Doing good is a necessity of his nature, and our good and evil are also his
good and evil. Ethical values are absolute and not relative.
Neither
of these radical views can be maintained. The first is refuted by its own
consequences which only very few of its advocates were bold enough to adopt.
The possibility of God telling a falsehood, which is implied in the purely
human validity of good and evil, is subversive of all religion. God would then
cease to be trustworthy, and there would be no reason for giving him obedience.
Besides, if revelation alone determines right and wrong, it would follow that
if God chose to reverse his orders, our moral judgments would be turned the
other way around, good would be evil, and evil good. Finally, if good and bad
are determined by the will of God only, those who do not believe in revelation
would be without an idea of right and wrong, but this is manifestly not true.
But the
other opinion, that God is compelled by the necessity of his nature to do the
good, is also erroneous. In the first place it detracts from God's omnipotence
to say he cannot do wrong. Besides, if he is compelled by an inner necessity to
do the good, he must always have done this, and the world would have existed
from eternity. It is just as wrong to say that it is the duty of God to do what
is good and useful for man. For this is due to a confusion of the good or
generous with the obligatory. Any deed to which no blame attaches may be called
good. If no praise attaches to it either, it is indifferent. If it is deserving
of praise and its omission does not call forth blame, it is a generous act. A
duty is an act the omission of which deserves blame.
Now the
truth in the question under discussion is midway between the two extremes. God
is able to do good as well as evil, and is under no necessity. The notions of
right and wrong are absolute and not merely relative. God never does wrong
because evil has no attractive power per se. Wrong is committed always as a
means to an end, namely, to gain an advantage or avoid an injury. God is not
dependent upon anything; he needs no advantages and fears no injuries. Hence
there is nothing to prompt him to do wrong. The good on the other hand attracts
us by its inherent goodness, not for an ulterior end. If the good were done
only for the sake of deriving some benefit external to the good itself, God,
who is self-sufficient, would not do anything either good or evil. God does the
good always and not the bad, because in his wisdom he sees the difference
between them. It was a deed of generosity in God to have created the world and
given life to his creatures, but it was not a duty.
This
conception of the nature of good and evil leaves on our hands the problem of
evil. Why does a good God permit disease and suffering to exist in the world?
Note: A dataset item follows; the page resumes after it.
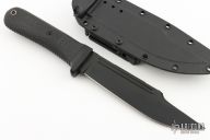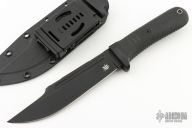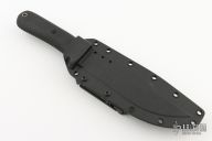 The Bastinelli Montana is a fixed blade knife that is perfect for outdoor utility and tactical tasks. The blade has a slight forward angle that aids in chopping power, and an abrupt clip point that aids in piercing power.  .205" Blade Stock.  1.475" Blade Depth. The handle is made of Kraton with a steel guard. The knife includes a kydex sheath. Excellent Condition.

In particular, how explain the suffering and death of innocent children and
harmless animals?
The
answer of Al-Basir is that infliction of pain may under certain circumstances
be a good instead of an evil. In human relations a person is permitted to
inflict pain on another in self-defence, or to prevent the pain from becoming
worse, as, for example, when a finger is amputated to save the hand. The
infliction of pain is not only permitted, it becomes a duty in case of
retribution, as in a court of justice; and finally it is permitted to inflict
temporary pain if it will result in a greater advantage in the future. The last
two cases apply also to God's treatment of his creatures. Disease and suffering
are either punishment for offences committed, or are imposed with a view to
later reward. In the case of children the last explanation alone is applicable.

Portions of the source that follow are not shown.